What should I do after a data breach?
Change your account password and get a password manager
Report financial losses to the Australian Cybercrime Online Reporting Network
Check your bank account for unusual charges
If your credit card details have been lost, contact your bank
We don’t yet know much about “data breach fatigue” as ameasurable phenomenon, agreed Cassandra Cross, an online fraud researcher at the Queensland University of Technology.
“I don’t really think we know … whether people are making choices to do things differently, [or] whether they’re just ignoring it,” she said, suggesting more work needs to be done.
Rui Chen, an information systems academic at Iowa State University, investigated consumer attitudes after online security incidents.
In 2015, the US Office of Personnel Management (OPM) lost more than 4.2 million personnel files, among other sensitive documents.
Dr. Chen and his team used sentiment-analysis tools to track the emotional content of 18,764 tweets containing the hashtag #OPMHack.
After events associated with the hack — from the initial breach announcement to the OPM director’s resignation — they saw a large drop-off in reaction.
In other words, Dr. Chen said, “we can see that the public is gradually losing interest in reacting to this news”.
The effects of ‘fatigue’
If people don’t take breaches seriously, they may not follow instructions to protect themselves, such as changing passwords or using credit-monitoring services.
But our understanding of how people do respond is limited.
“One thing could be there are just so many incidents of data breach happening … people consider it typical,” Dr. Chen speculated.
“It’s the norm of this digital world.”
These incidents can also feel quite abstract, Dr. Cross added.
Consider the compromising of more than 359 million MySpace accounts or more than 164 million LinkedIn accounts — these are almost unimaginable numbers.
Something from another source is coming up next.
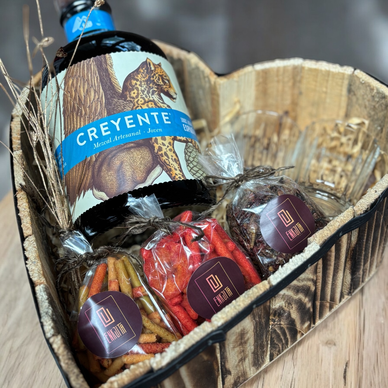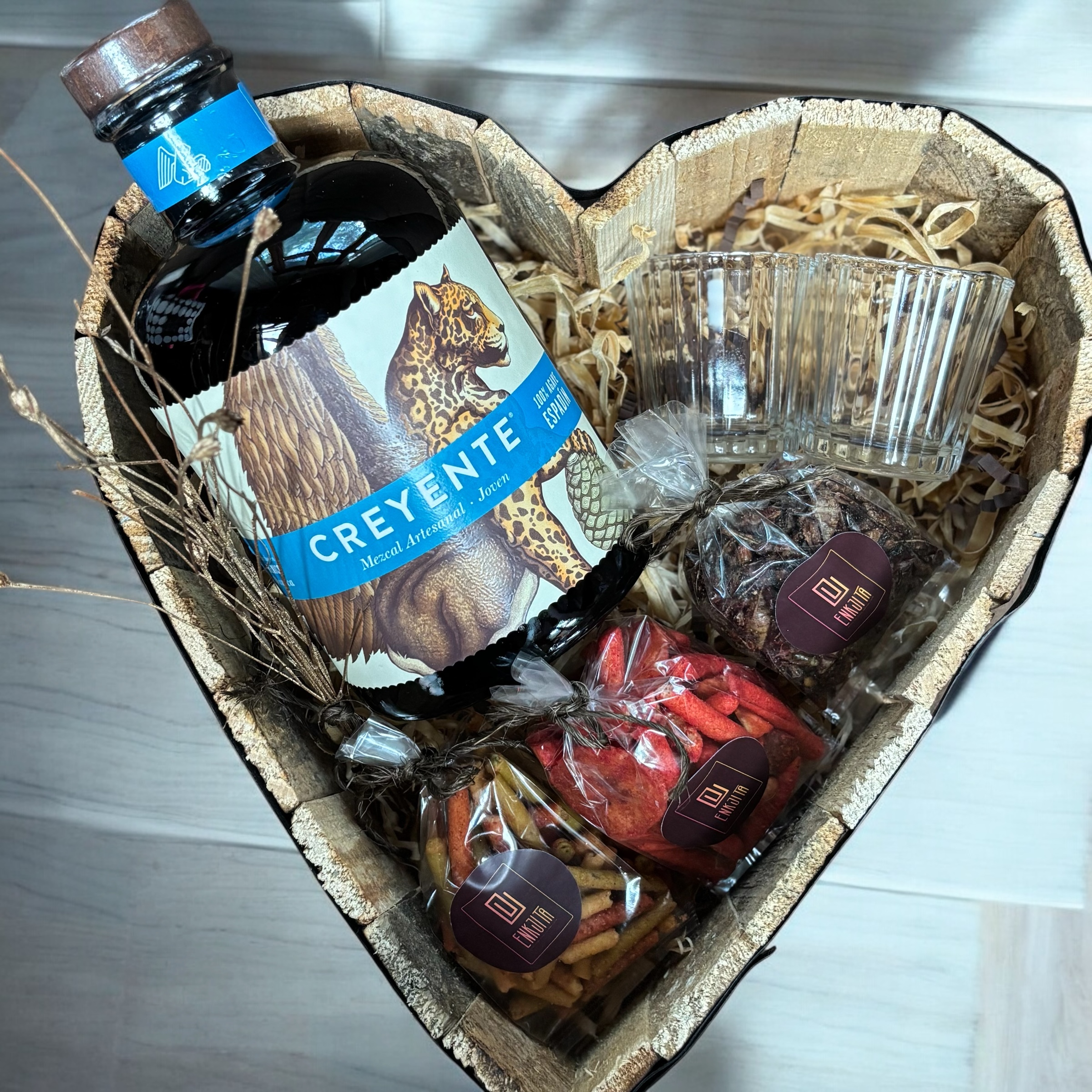 Descubre el regalo perfecto que combina tradición, sabor y estilo. Nuestra caja de madera en forma de corazón o en huacalito tradicional está disponible y viene y trae todo lo que necesitas para brindar con un toque muy mexicano y exclusivo para cualquier ocasión especial.

For victims, there’s also a difference of perception between your details being lost or stolen and actual misuse of that information — in the form of identity theft, for example, which is estimated to cost Australia $2.2 billion each year.
“They’re just one small individual within an entire group, and they don’t feel that they are particularly valuable in terms of a target,” she said.
Real-world effects
New America’s Peter Singer suggested we won’t see decisive action from the government on these issues until breaches begin to have a dramatic impact in the physical world.
Connected devices, from fridges that can be accessed online to driverless cars, will make this more dangerous — and likely.
You might start caring more when a hacker uses stolen credentials to turn your lights on and off remotely.
“I think … what will inevitably happen is some type of bad outcome,” Mr. Singer added.
A badly handled data breach can also dent a company’s reputation.
Take Uber, which initially tried to cover up the exfiltration of the names, email addresses and mobile phone numbers of 57 million users.
Mr. Hunt also sees companies being judged harshly if a breach exposes their poor security posture, such as storing passwords in plain text without cryptographic protection.
On the flip side, he cited the Red Cross Blood Service’s reaction as “the gold standard” after it lost donor information in 2016.
The group was swift to act and tell the public — and was apologetic throughout.
As data breaches continue, Mr. Hunt hopes people will avoid fatigue and take control: get a password manager, make all passwords unique and turn on two-factor authentication.
“These are really basic things that we can all do, and they fundamentally change the impact of a data breach,” he said.